I chose the more convenient option of flying in. There are direct flights from Varanasi to Kathmandu for about $200 twice a week, which I found to be the best way to do my first border crossing on this trip.
Kathmandu
My first impression of Kathmandu was ‘Wow, this is peaceful!’ The city is much less populated than most places I saw in India, and the car honkings – although not completely absent – are limited to a bare minimum. I also noticed how clean it actually is. I saw almost no litter on the streets; I feel like Kathmandu might just be cleaner than even some European capitals. That is for the ground. Now, the air is a whole different thing. Sadly, Kathmandu has the most polluted air I have ever breathed. There is traffic, of course, but no more than in other cities. The main source of the smog seems to be the many forest fires and the lack of regulations regarding open fires, which leads to people just burning about anything they want to get rid of… (which then, potentially, leads to more forest fires). Kathmandu is surrounded by mountains which should be clearly visible from higher elevations, but sadly, at best, you can see grey silhouettes in the clouds of smog.

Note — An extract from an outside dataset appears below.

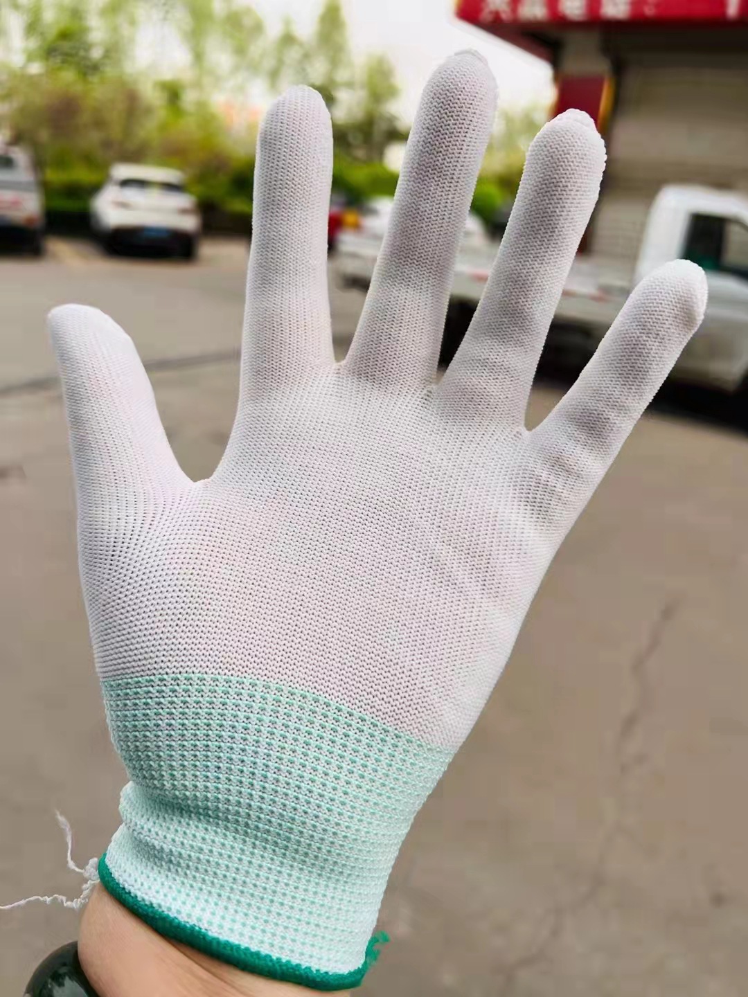 • 13 핀 전체 손가락 흰색 녹색 먼지가없는 작업 장갑

Most tourists stay in the Thamel district, which is a nice area with a lot of shops where you can buy or rent just about any material you might still need for your trek. There are also plenty of restaurants, tour operators, and hotels in just about any price range.

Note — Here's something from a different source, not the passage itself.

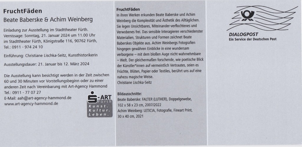 In ihren Werken erkunden Beate Baberske und Achim Weinberg die Komplexität und Ästhetik des Alltäglichen. Sie legen Unsichtbares, Miteinander-verflochtenes und Verwobenes frei. Das sensible Interagieren verschiedenster Materialien, Strukturen und Formen zeichnet Beate Baberskes Objekte aus. Achim Weinbergs Fotografien hingegen gewähren Einblicke in eine wundersam verborgene – mit dem bloßen Auge nicht wahrnehmbare – Welt. Der gleichermaßen forschende, wie poetische Blick der Künstler*innen auf vermeintlich Vertrautes, seien es Früchte, Blüten, Papier oder Textiles, berührt uns auf eine nahezu magische Weise.

The main sights of Kathmandu, which can be covered in about 2 days, are the following:
- The well-known Buddha Stupa (a few kilometers from Thamel, best to grab a taxi)

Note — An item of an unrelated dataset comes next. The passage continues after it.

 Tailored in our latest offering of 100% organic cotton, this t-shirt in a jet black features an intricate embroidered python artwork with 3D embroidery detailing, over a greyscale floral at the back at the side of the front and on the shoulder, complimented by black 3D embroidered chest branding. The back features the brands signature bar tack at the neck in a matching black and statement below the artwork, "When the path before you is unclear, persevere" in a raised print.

- Pashupatinath Temple district (in walking distance from the Buddha Stupa), a rather large temple complex, sadly only Hindus are allowed into the central part (which looks the most interesting from outside).
- Bhaktapur: a large area east of Kathmandu, full of traditional temples and palaces. Although it is an open public area, foreigners still have to pay an entrance fee just for being there. Still worth it, I think this was one of the most beautiful parts of Kathmandu.
- Kathmandu Durbar Square (close to Thamel) and Patan Durbar Square (a few kilometers south of Thamel). Both of these are smaller but still quite similar to Bhaktapur and worth a visit if you have time to spare. Between Patan Durbar Square and Kathmandu Durbar Square, the latter one is probably the one which I found nicer to visit, and it is also much closer to the Thamel area.
- Swoyambhu Mahachaitya, ‘the monkey temple,’ a Buddhist temple sitting on a steep hill west of Thamel. Be prepared to climb some stairs! I visited this temple on April 23 (on my return to KTM after the trek), which was the birthday of Hanuman (the monkey god), and there was a large crowd on the stairs and around the temple for this occasion.
Moving around in Kathmandu
Kathmandu is a rather small city, and many things can be seen just by walking around. As in any city, it’s nice to just walk around and breathe in the city vibe (though don’t breathe too deeply in Kathmandu…). Otherwise, you can easily find cabs or motorcycles whose drivers will gladly offer their services to drive you around the city. As in India, you can easily negotiate the price down by at least 30% from what they initially ask you.
Uber is not commonly used in Nepal. Instead, I recommend the app “InDrive,” through which you can easily hire cabs or motorcycles to move around in Kathmandu. If you input your location and destination, it also provides you with a reliable price recommendation, which you are free to modify.